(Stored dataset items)
__________
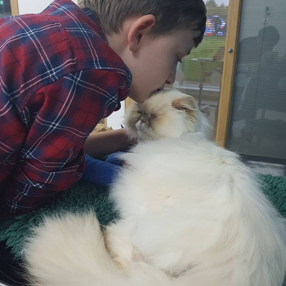 Their son, Kian, was four years old when he met Simba the cat who waltzed straight up to him as if he knew exactly what the boy needed. Kian was born premature and as a result had many health issues. "He has autism, secondary immunodeficiency syndrome and degenerative bones and soft tissues," Becky Green, Kian's mother, told Love Meow.
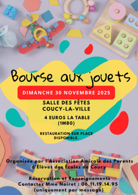 Bourses aux jouets le dimanche 30 novembre à la salle des fête de Coucy-la-Ville. Évenement organisé par l'Association Amicale des Parents d'Élèves des Écoles de Coucy. 4€ la table, 1m80. Réservation et renseignements : 06 11 19 14 95 (uniquement par message) Restauration sur place.
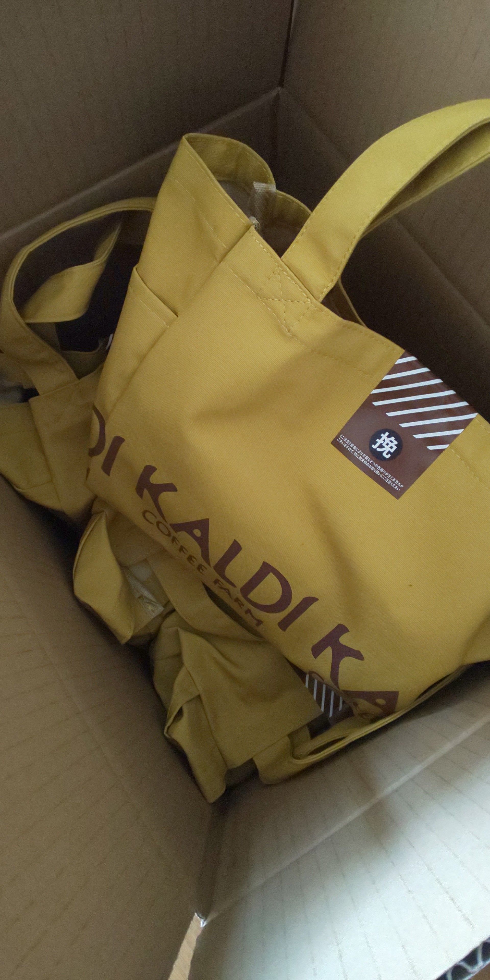 4個まとめ買いして 送料を抑えました😁 と言っても、無料にはならず。。 今後、もっと安くなると 買いやすくなるのですが。 カルディさん! 欲しいものはたくさんあるのに 送料でためらいますよ~~ *カルディオリジナル ドリップコーヒー&マグカップセット[税率10%] カルディオリジナル クリーミーシュガーパウダー スティック 10p[税率8%] <12個>カフェカルディ ドリップコーヒー マイルドカルディ(10g×10p)×12個[税率8%]【賞味期限:2020/10/23〜11/21】 コーヒー福袋。 全て売れていて、最後の福袋でした。 黄色好きだなぁ。 トートバッグ。 お弁当入れに。 *カルディオリジナル 豆乳ビスケット アソートパック 18枚[税率8%] *カルディオリジナル カカオの森 アマンドショコラ コーヒー 60g[税率8%] *カルディオリジナル カカオの森 アマンドショコラ ビターキャラメル 60g[税率8%] カルディオリジナル パンダ杏仁豆腐 ミニ 215g [税率8%]【賞味期限:2020/5/10】 カルディオリジナル 豆乳サンドビスケット 10p[税率8%] *カルディオリジナル 紅茶のリーフチョコ 5p[税率8%]【賞味期限:2020/6/30】 カルディオリジナル グースベリーインダークチョコレート 45g [税率8%] カルディオリジナル ブルーベリーインダークチョコレート 40g[税率8%] *カルディオリジナル ひよこ豆チップ 40g[税率8%]【賞味期限:2020/5/26】 カルディオリジナル アップルスティック アルミ 28g[税率8%] 明日からは マグカップとチョコと、コーヒーの スペシャルセットが販売されます❤️
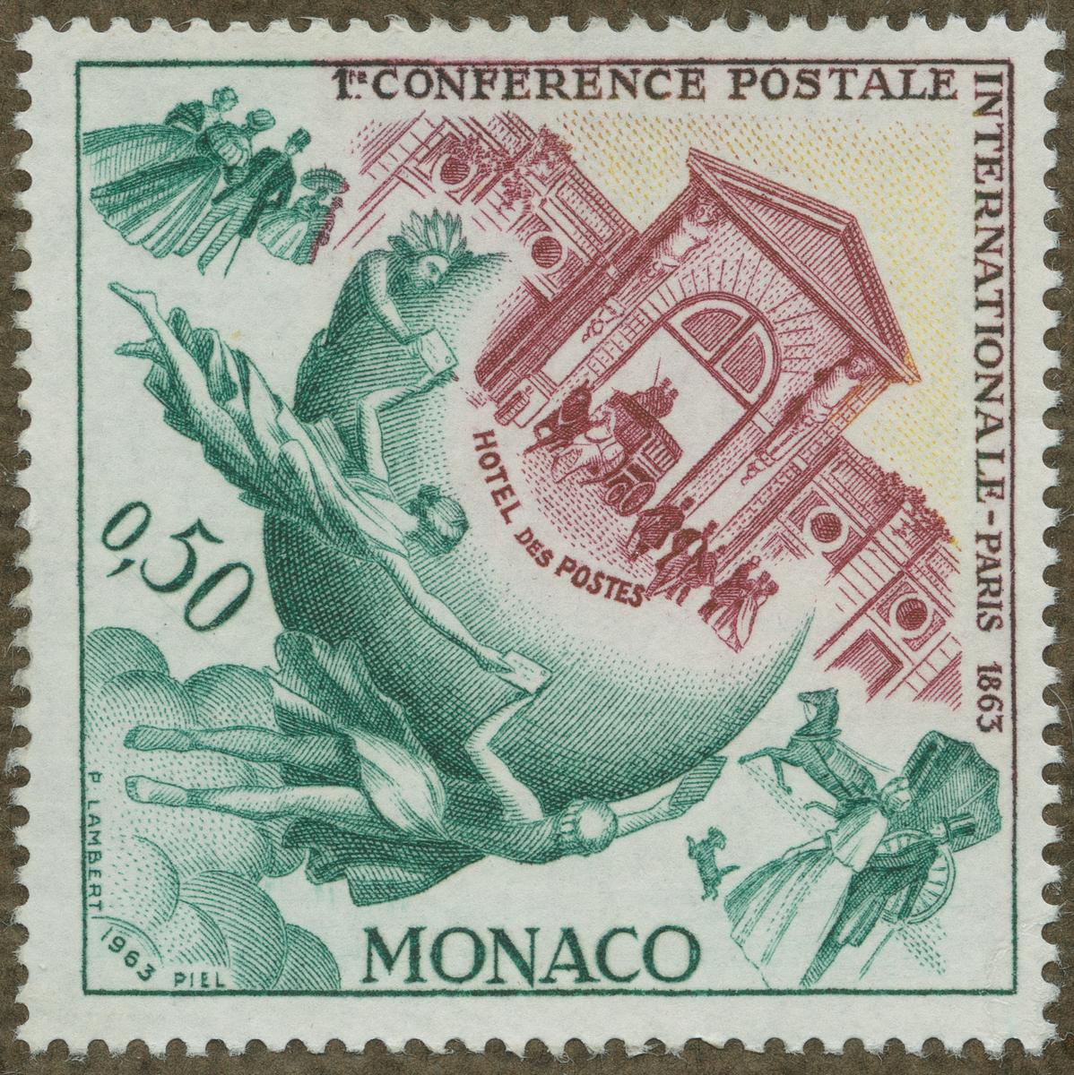 Frimärke från Monaco, 1963. Motiv av Posthus i Monaco. -Postdiligens. Folk i 1863-dräkt. Hästfordon. -Internationell Postkongress i Paris: 1863-
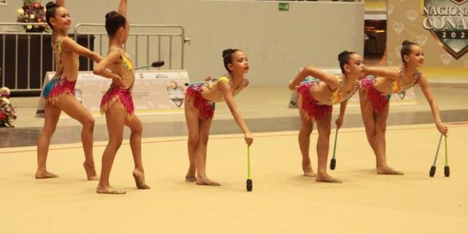 Fueron 42.800 puntos que sumaron las yucatecas; Ami Valeria Herrera Rodríguez, Ana Valentina Cabrera Ibarra, Helena García Cigarroa, Jimena Karime Chion Núñez y Mariana Magadan Sosa luego de presentar las rutinas en los aparatos de aro donde sumaron 22.200 puntos y en clavas 20.600 tantos.
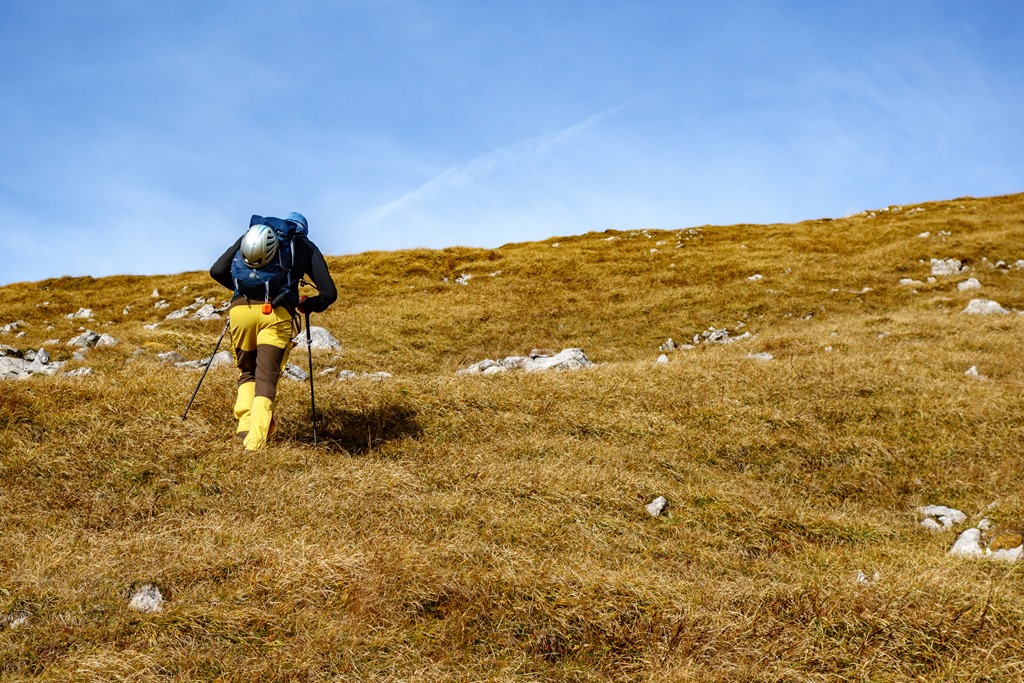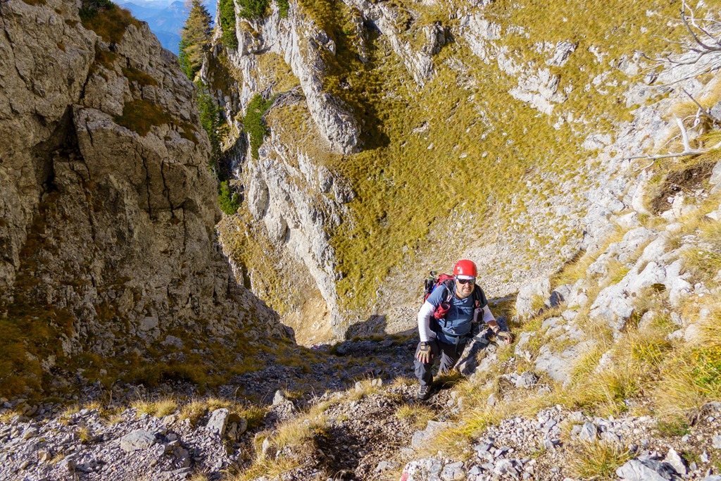Bő másfél óra alatt érkezünk a Rókalyuk beszállójához. Mivel a zergék odafenn pajkoskodnak, lökdösik lefelé a kavicsokat, nem árt óvatossági alapon, sisakot tenni a kobakunkra. A túrabotokat meg rendre elrakjuk. Igazi, élvezetes mászás jön 1-es majd a kulcsponton 2-es szinten. Onnan lehet tudni, hogy ez kettes, mert alaposan meg kell gondolni minden egyes fogást. Az egyes szint viszont általában nem szorul különösen körültekintő előkészítésre.
__________
Only the lines from the first line of the entries through the line containing "Bourses aux jouets" should be output, exactly as they are, without pictures.

 Their son, Kian, was four years old when he met Simba the cat who waltzed straight up to him as if he knew exactly what the boy needed. Kian was born premature and as a result had many health issues. "He has autism, secondary immunodeficiency syndrome and degenerative bones and soft tissues," Becky Green, Kian's mother, told Love Meow.
 Bourses aux jouets le dimanche 30 novembre à la salle des fête de Coucy-la-Ville. Évenement organisé par l'Association Amicale des Parents d'Élèves des Écoles de Coucy. 4€ la table, 1m80. Réservation et renseignements : 06 11 19 14 95 (uniquement par message) Restauration sur place.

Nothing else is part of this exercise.